The authors say they identified 26 SSH disciplines and connected them to five themes (Contextualizing, Facilitating, etc.) and then to the IEA steps through consensus achieved during their workshop discussions.
This seems like a major methodological weak point. My question is: Was this “consensus” just an agreement among the authors themselves, who, while multidisciplinary, are still a limited group?
If so, isn’t there a huge risk of selection bias and a kind of “echo chamber” effect? The entire framework they build (Tables 1 & 2, Figure 3), which is the core of their contribution, is based on this internal agreement. But what if a wider panel of SSH experts would have categorized the disciplines or their relevance to IEA steps completely differently?

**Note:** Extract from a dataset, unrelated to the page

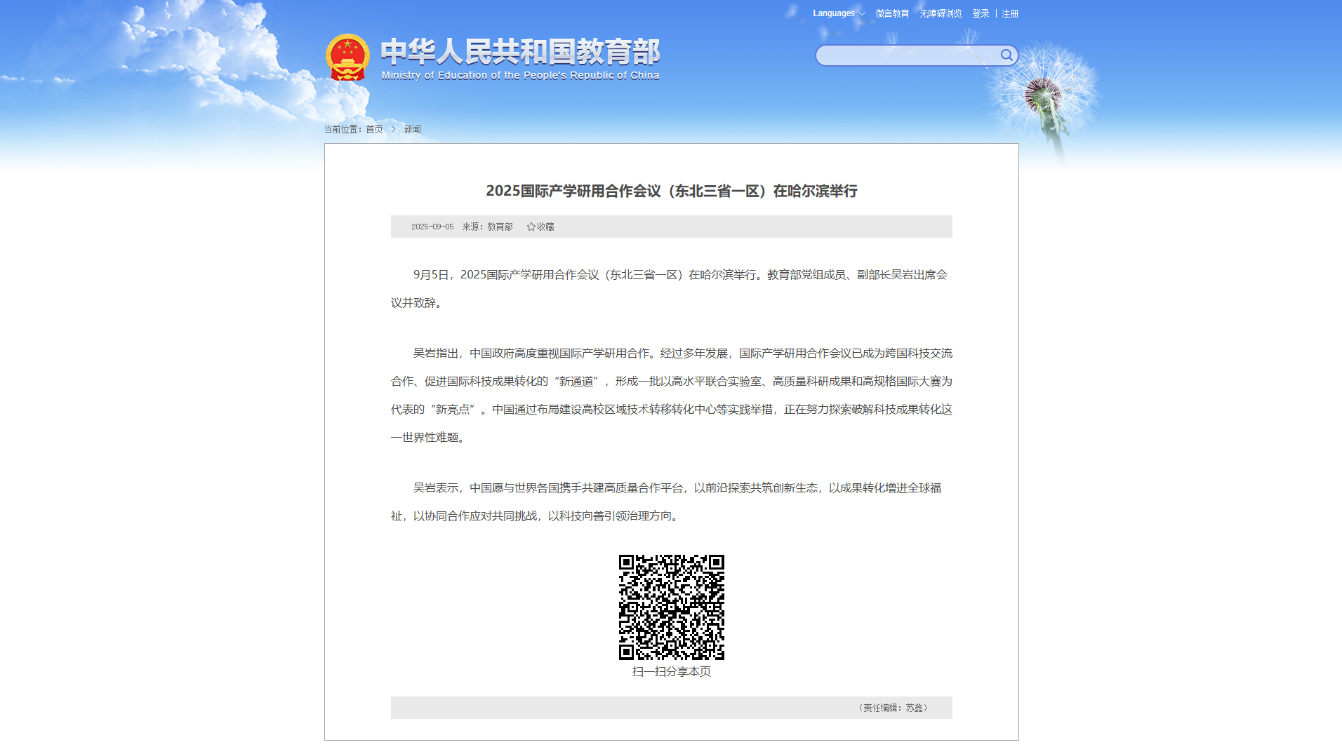 9月5日,2025国际产学研用合作会议(东北三省一区)在哈尔滨举行,教育部党组成员、副部长吴岩出席并致辞。

For example, why is “Anthropology” primarily tagged as “Facilitating” and not “Contextualizing”? Why is “Economics” only “Evaluating” and not also “Anticipating”? These classifications feel a bit arbitrary without a more robust, transparent, and inclusive method for reaching them.
So, to put it simply: Did the process of creating this foundational framework rely too heavily on the internal opinions of the co-authors, potentially compromising its objectivity and general applicability? If the answer is “yes,” then the entire proposed structure of which SSH discipline helps with what, and when, might be built on a pretty shaky foundation.